_Work request_
Some entries follow. Reproduce exactly the lines starting at the one with "德国DAX指数涨0.25%,法国CAC4" and stopping after the one with "As GoLocal originally".
------ Dataset
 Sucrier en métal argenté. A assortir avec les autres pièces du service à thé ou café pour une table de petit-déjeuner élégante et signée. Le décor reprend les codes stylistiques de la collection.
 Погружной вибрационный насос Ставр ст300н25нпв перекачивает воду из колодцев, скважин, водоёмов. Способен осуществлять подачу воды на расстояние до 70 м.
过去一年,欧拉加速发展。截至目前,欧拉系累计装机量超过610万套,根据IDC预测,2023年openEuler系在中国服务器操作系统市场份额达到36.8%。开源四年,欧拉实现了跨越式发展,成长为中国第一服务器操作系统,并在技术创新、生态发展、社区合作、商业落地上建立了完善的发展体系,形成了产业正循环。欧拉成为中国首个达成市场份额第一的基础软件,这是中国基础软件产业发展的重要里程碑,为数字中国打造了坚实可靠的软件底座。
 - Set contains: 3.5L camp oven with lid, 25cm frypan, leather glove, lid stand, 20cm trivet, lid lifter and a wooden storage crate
------------
------ Dataset
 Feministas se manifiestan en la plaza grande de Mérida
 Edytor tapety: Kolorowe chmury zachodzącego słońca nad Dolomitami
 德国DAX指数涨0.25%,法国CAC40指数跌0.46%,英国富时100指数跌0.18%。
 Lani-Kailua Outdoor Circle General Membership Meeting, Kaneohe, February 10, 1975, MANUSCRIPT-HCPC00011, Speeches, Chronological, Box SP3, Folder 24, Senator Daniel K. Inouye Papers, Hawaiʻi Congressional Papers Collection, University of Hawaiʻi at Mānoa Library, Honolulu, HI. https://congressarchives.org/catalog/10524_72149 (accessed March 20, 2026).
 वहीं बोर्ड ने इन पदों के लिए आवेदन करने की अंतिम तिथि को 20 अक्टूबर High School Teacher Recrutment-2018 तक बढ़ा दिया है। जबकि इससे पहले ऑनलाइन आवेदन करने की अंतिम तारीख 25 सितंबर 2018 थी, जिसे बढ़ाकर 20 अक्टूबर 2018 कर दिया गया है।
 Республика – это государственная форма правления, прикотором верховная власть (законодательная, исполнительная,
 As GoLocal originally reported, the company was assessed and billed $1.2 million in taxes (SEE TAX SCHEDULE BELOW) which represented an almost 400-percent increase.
------------
------ Dataset
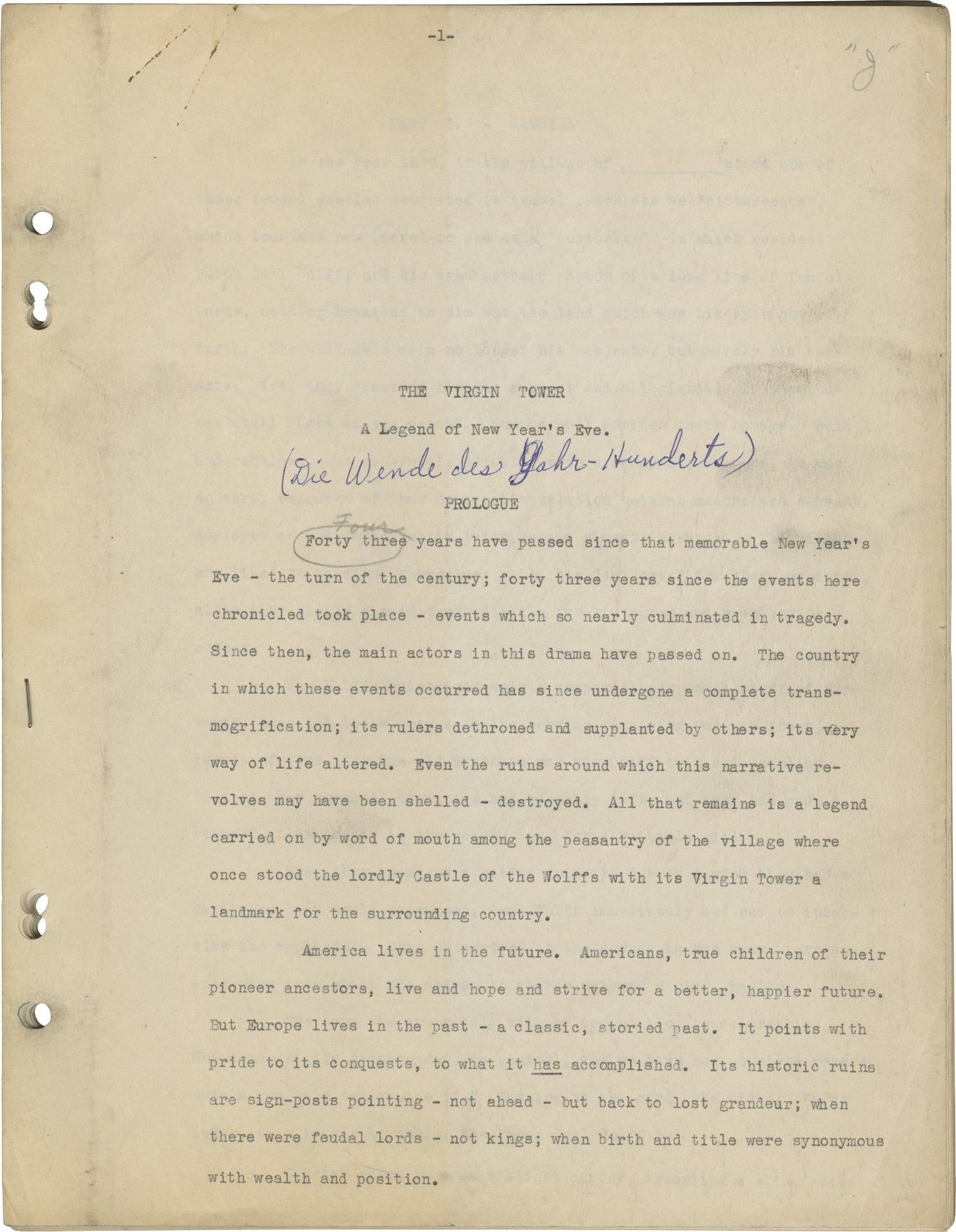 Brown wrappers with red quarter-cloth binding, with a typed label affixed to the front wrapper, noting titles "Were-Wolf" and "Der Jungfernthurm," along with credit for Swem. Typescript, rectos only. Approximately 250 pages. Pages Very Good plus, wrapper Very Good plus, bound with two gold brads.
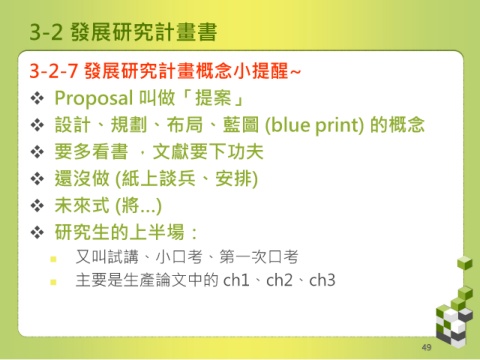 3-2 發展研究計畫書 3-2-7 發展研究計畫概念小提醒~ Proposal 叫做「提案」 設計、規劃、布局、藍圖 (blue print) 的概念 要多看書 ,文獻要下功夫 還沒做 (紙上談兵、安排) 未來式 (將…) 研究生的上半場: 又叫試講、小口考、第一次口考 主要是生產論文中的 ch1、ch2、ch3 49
------------
_Task output_
 德国DAX指数涨0.25%,法国CAC40指数跌0.46%,英国富时100指数跌0.18%。
 Lani-Kailua Outdoor Circle General Membership Meeting, Kaneohe, February 10, 1975, MANUSCRIPT-HCPC00011, Speeches, Chronological, Box SP3, Folder 24, Senator Daniel K. Inouye Papers, Hawaiʻi Congressional Papers Collection, University of Hawaiʻi at Mānoa Library, Honolulu, HI. https://congressarchives.org/catalog/10524_72149 (accessed March 20, 2026).
 वहीं बोर्ड ने इन पदों के लिए आवेदन करने की अंतिम तिथि को 20 अक्टूबर High School Teacher Recrutment-2018 तक बढ़ा दिया है। जबकि इससे पहले ऑनलाइन आवेदन करने की अंतिम तारीख 25 सितंबर 2018 थी, जिसे बढ़ाकर 20 अक्टूबर 2018 कर दिया गया है।
 Республика – это государственная форма правления, прикотором верховная власть (законодательная, исполнительная,
 As GoLocal originally reported, the company was assessed and billed $1.2 million in taxes (SEE TAX SCHEDULE BELOW) which represented an almost 400-percent increase.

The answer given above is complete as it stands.